2022-11-02 11:00:00 | America/New_York

Nicolas Joly Friedrich-Alexander University and Max-Planck Institute for the Science of Light

Fibre-based non-classical sources

Photonic crystal fibres (PCF) consist of a microstructured cladding of periodically arranged air-channels surrounding the core region. They are an ideal platform for all sort of nonlinear optics experiments ought to the possibility to adjust nonlinearity and dispersion. These parameters are easily adjustable at the fabrication stage. Alternatively, pressurizing the fibre is a good way to modify online the dispersion landscape so as to ensure the phase-matching conditions required for a particular effect. We will present in this talk several experiments using pressure-assisted nonlinear optics for the generation of quantum optics sources.
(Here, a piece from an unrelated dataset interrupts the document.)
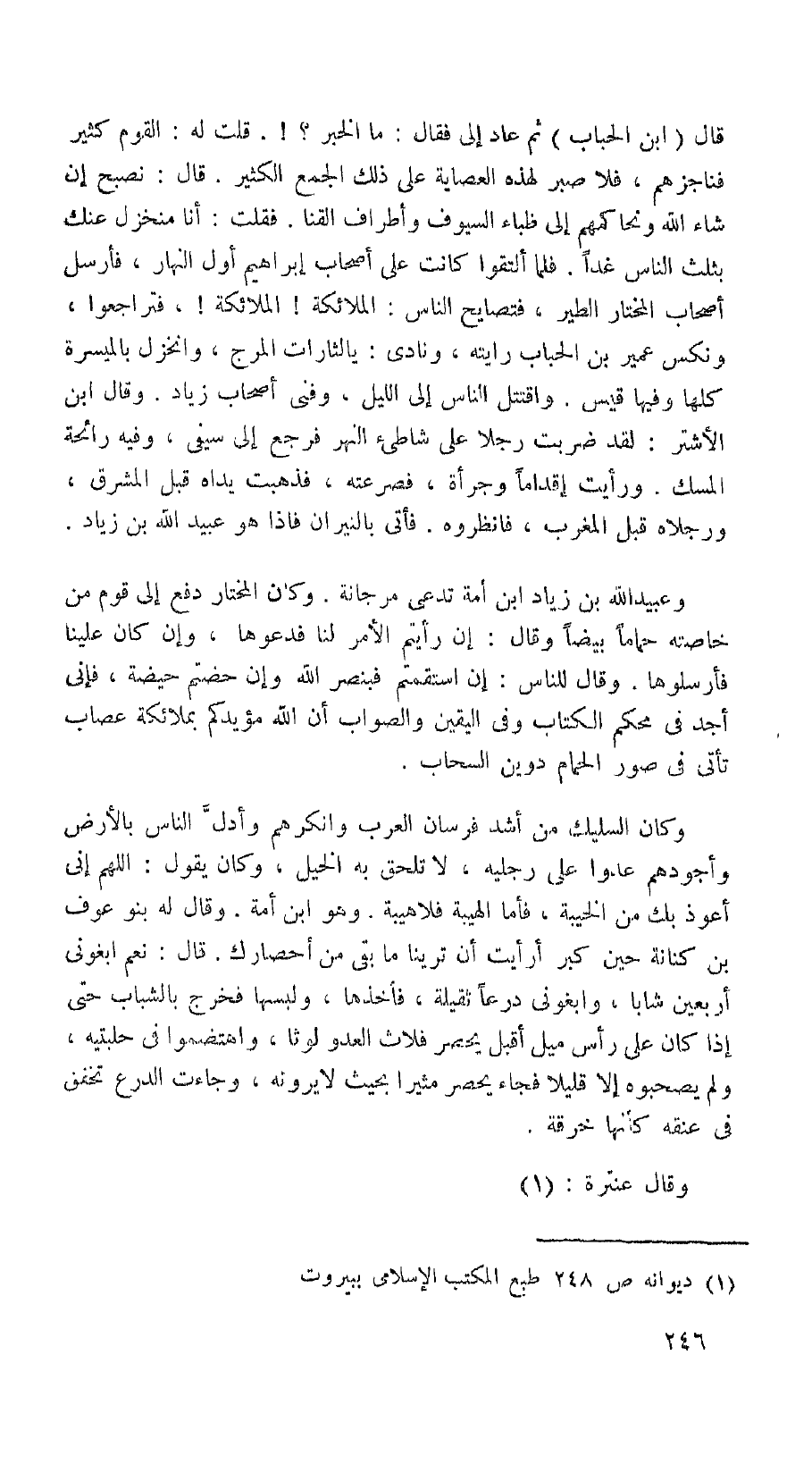 قال (ابن الحباب) ثم عاد إلي فقال: ما الخبر؟! قلت له: القوم كثير فناجزهم، فلا صبر لهذه العصابة على ذلك الجمع الكثير. قال: نصبح إن شاء الله ونحاكمهم إلى ظباء السيوف وأطرف القنا. فقلت: أنا منخذل عنك بثلث الناس غداً. فلما التقوا كانت على أصحاب إبراهيم أول النهار، فأرسل أصحاب المختار الطير، فتصايح الناس: الملائكة! الملائكة!، فتراجعوا، ونكس عمير بن

First, we will show broadly tunable photon-pair generation in a suspended core fibre that we filled with argon gas [Phys. Rev. Res., 2, 012079 (2020)]. When the hollow-core fibre is filled with noble gas i.e., monatomic, the fluid serves as the gain medium. Not only we can then adjust the dispersion landscape of the fibre but we can even prevent the Raman scattering originating from random molecular vibrations, that yields unwanted noise and degrades the quality of the fibre-based sources. Such a versatile system is becoming a promising platform in quantum optics as it allows the generation of frequency tunable pairs of photons through four-wave mixing or modulational instability [PRA 95, 053814 (2017)]. We will show in this presentation the creation of correlated photon pairs with frequency separation up to over an octave [Opt. Lett. 46, 4033 (2021)]. By contrast, we will see that if a coherent pattern of molecular vibrations is first prepared, stimulated Raman scattering can be utilized within its lifetime for thresholdless conversion of single photons, provided certain phase-matching conditions are fulfilled. We recently demonstrated frequency up-conversion of single photon by 125 THz, while preserving the correlation of the original entangled pair [Science, 376, 621 (2022)]. Finally, we will discuss the latest advances on the generation of triplet states, which can be regarded as the reverse process of the generation of third harmonic.

Speaker's Bio

Nicolas Joly is an associate professor at the University of Nüremberg-Erlangen, where he works on photonic crystal fibers. He is also the head of the "microstructured optical fibres" research group at the Max-Planck Institute for the Science of light in Erlangen. His domain of research includes nonlinear optics as well as quantum-optics in PCF. In particular he is very interested in the nonlinear generation of new frequencies like supercontinuum generation or the generation of non-classical states of light using PCF.